4 ou 5 págs.: EUCLIDES E HERCULANO

Este texto foi publicado no número espécime (ou número zero, como se diria hoje) de O Diabo -- Semanário de Crítica Literária e Artística, de 2 de Junho de 1934. Ferreira de Castro dá conta do grande momento que então vivia a literatura brasileira, não apenas no romance como no ensaio. Ele não menciona, mas como sabemos dos seus contactos estreitos com o meio cultural do Brasil, é evidente que estaria a pensar em nomes como José Américo de Almeida, Graciliano Ramos, José Lins do Rego, Erico Veríssimo, Rachel de Queiroz, Gilberto Freyre e, especialmente, em Jorge Amado, com quem se coemaçava a corresponde e de quem viria a ser grande amigo.
Essa referência serviu de introdução ao desconhecimento por que passava a literatura coeva, ao contrário do que sucedera com a do século XIX -- em que enumera alguns dos grandes nomes desse tempo, acrescentando, no início da centúria seguinte, o de Euclides da Cunha, cujo reconhecimento por cá se restringia aos meios literatos, não alcançando ainda o público leitor em geral.
E, curiosamente, vai compará-lo a Alexandre Herculano, não apenas na propensão para a História mas também por uma propensão austera de ambos, distiguindo-se, porém, no colorido da prosa: brônzea no autor da História de Portugal, polícroma no d'Os Sertões, diferenças entre o luso e o trópico.

Início: «Há alguns anos, os escritores brasileiros queixavam-se, e, possivelmente, ainda hoje se queixam, de serem pouco conhecidos em Portugal, enquanto os portugueses estavam largamente difundidos no Brasil.»

um parágrafo: «Irmanados pelo mesmo arcabouço literário, pela mesma forte orquestração verbal, os dois separam-se quando as pupilas devem constituir elemento a aproveitar. Herculano tem pouca cor, usa poucas cores. A sua visão não encontra cromatismos e é como o seu pensamento: profundo, vasto, mas sóbrio. Se tivesse de pintar, seria como certos mestres da arte espanhola; sombrios, procurando exteriorizar-se pelo castanho e pelo negro. Há sempre algo de arte ibérica, conventual, neste génio português.» 
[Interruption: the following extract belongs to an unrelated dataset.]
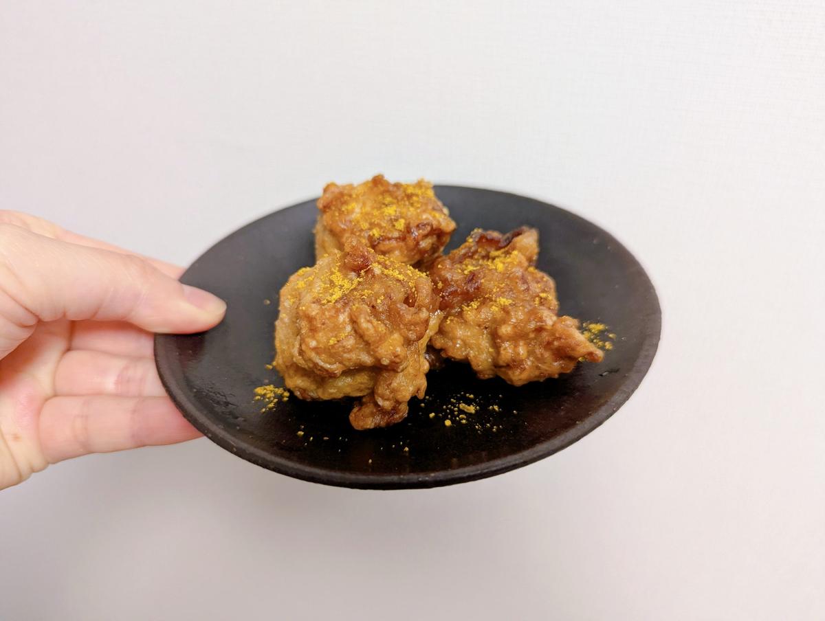 お惣菜のから揚げ3つに、小さじ1杯のスパイスをかけて食べたら立派なおつまみ誕生です。無意識のうちに、チューハイに手が伸びていました……。

Ferreira de Castro, «Euclides e Herculano», O Diabo, número espécime, Lisboa, 2 de Junho de 1934; antologiado por mim em «A unidade fragmentada. Dispersos de Ferreira de Castro», Vária Escrita #3, Sintra, 1996.

quarta-feira, 19 de novembro de 2014

4 ou 5 págs.: A VINGANÇA DE D. PEDRO

A entrega a D. Pedro I e imediata execução de dois dos três assassinos de Inês de Castro, que se haviam homiziado em Castela: Álvaro Gonçalves, e Pêro Coelho (Diogo Lopes Pacheco atravessara os Pirenéus...).
A intemperança do rei, os espasmos de fúria, a gaguez que se exacerba com a ira, as réplicas de desespero e raiva dos que serão supliciados, são passagens vívidas que ilustram este episódio em que não se sabe onde começa a lenda.

Início: «Nos paços reais de Santarém, D. Pedro esperava, impaciente, a chegada dos fidalgos criminosos.»

um parágrafo: «Levantara-se. Tinha a boca e as barbas a pingar sangue na opa de veludo, e as mãos encarnadas como as de um carniceiro. Assomou a uma varanda dos paços, chamou pelos soldados, e, arremessando desprezìvelmente à praça essas sanguinolentas postas de carne, ordenou enfastiado à escolta:»

Antero de Figueiredo, «A vingança de D. Pedro», 14 Novelas Históricas Portuguesas, Lisboa, Estúdios Cor, 1965, pp. 147-154.

segunda-feira, 17 de novembro de 2014

4 ou 5 págs.: s/ título

 Auster continua a desfiar episódios e histórias insólitas que lhe aconteceram ou contaram. Agora é o episódio rocambolesco de um tio de um amigo, resistente nacionalista sérvio, cercado pelos alemães nos dias que antecederam o fim da II Guerra Mundial. Baleado pelos nazis na tentativa de fuga, quando os companheiros anteriores haviam sido abatidos, foi recolhido, inanimado, por um camponês. Transportado numa carroça conduzida por este, instantes após recuperar os sentidos, viu saltar a cabeça do homem que o conduzia, decapitada por uma carga de obus, sendo, logo em seguida, apanhado pelas tropas soviéticas, desmaiando novamente. Acorda numa enfermaria improvisada num barracão, e fica a saber que está prestes a ser-lhe amputada a perna ferida. Enquanto suplica que não lha cortem, novo bombardeamento faz com que volte a desfalecer. Mais tarde acordará com a perna intacta, tendo diante de si uma bela enfermeira por quem se apaixona. Não era o paraíso, mas parecia. O tio do amigo de Auster -- um chetnik que escapou duas vezes à morte no mesmo dia, milagrosamente, e que não acabará os dias com a bela enfermeira -- era, à data em que a história lhe foi contada, um prosaico angariador de seguros de Chicago.

início: «Pouco tempo depois do meu regresso a Nova Iorque (Julho de 1974), um amigo contou-me a história seguinte.»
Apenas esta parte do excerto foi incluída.